YOUR INSTRUCTIONS = The entries below contain a line with "The experimental device" and a line with "J Crew Factory". Retype exactly everything from the first down to the second, both included, and nothing else.

MATERIAL PROVIDED =

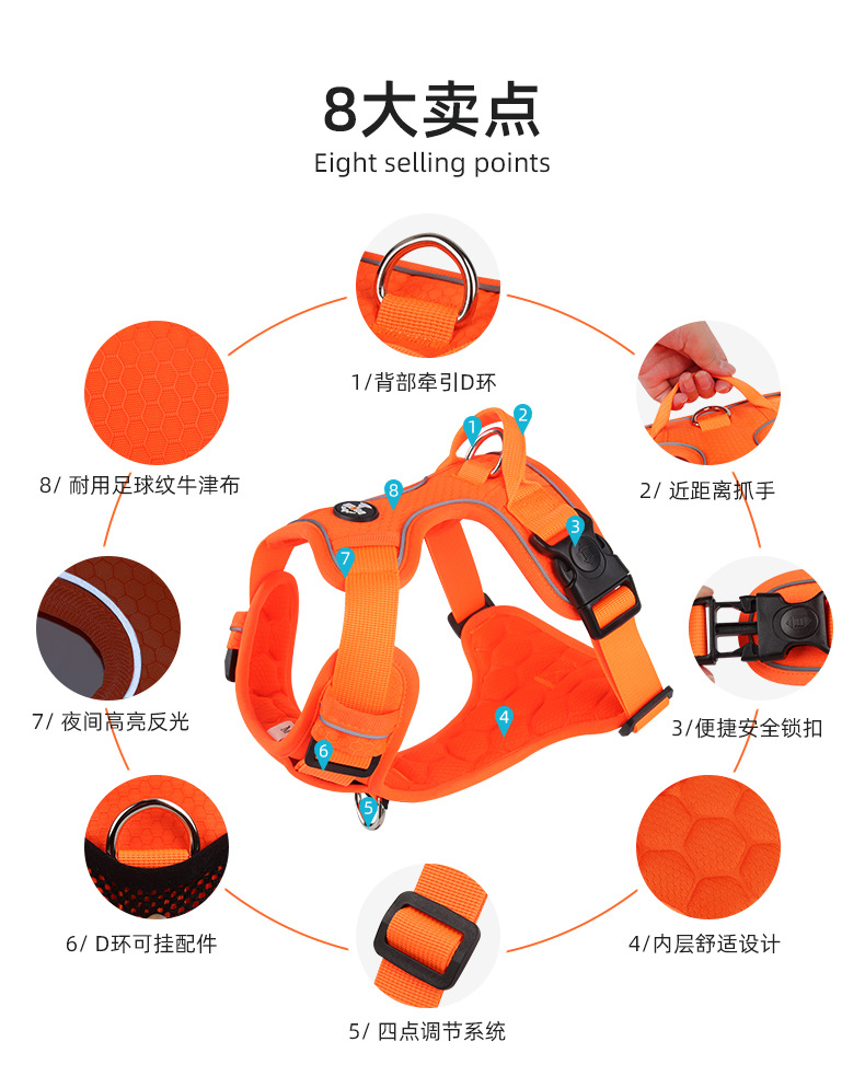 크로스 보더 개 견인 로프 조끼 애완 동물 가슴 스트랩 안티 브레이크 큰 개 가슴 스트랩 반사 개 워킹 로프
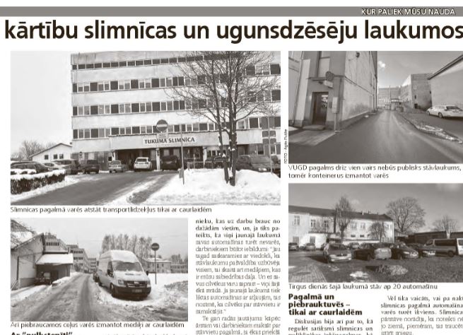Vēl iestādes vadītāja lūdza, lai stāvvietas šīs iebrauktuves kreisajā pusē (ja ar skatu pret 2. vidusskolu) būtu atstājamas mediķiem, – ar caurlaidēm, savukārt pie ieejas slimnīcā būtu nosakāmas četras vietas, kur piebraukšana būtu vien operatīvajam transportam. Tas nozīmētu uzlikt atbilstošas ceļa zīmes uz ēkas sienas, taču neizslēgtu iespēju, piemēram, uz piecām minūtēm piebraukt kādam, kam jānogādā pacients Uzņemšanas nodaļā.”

--

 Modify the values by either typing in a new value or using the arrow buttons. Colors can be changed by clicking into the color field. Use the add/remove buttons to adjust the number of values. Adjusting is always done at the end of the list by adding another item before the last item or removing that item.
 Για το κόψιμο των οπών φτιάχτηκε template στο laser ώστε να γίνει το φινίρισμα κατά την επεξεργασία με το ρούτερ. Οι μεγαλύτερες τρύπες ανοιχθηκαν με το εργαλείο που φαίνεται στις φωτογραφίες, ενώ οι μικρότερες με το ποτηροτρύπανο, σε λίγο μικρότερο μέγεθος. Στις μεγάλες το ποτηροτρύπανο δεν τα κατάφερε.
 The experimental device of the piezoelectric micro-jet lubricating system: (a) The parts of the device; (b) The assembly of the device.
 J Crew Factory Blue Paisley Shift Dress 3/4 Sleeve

ANSWER BOX =
 The experimental device of the piezoelectric micro-jet lubricating system: (a) The parts of the device; (b) The assembly of the device.
 J Crew Factory Blue Paisley Shift Dress 3/4 Sleeve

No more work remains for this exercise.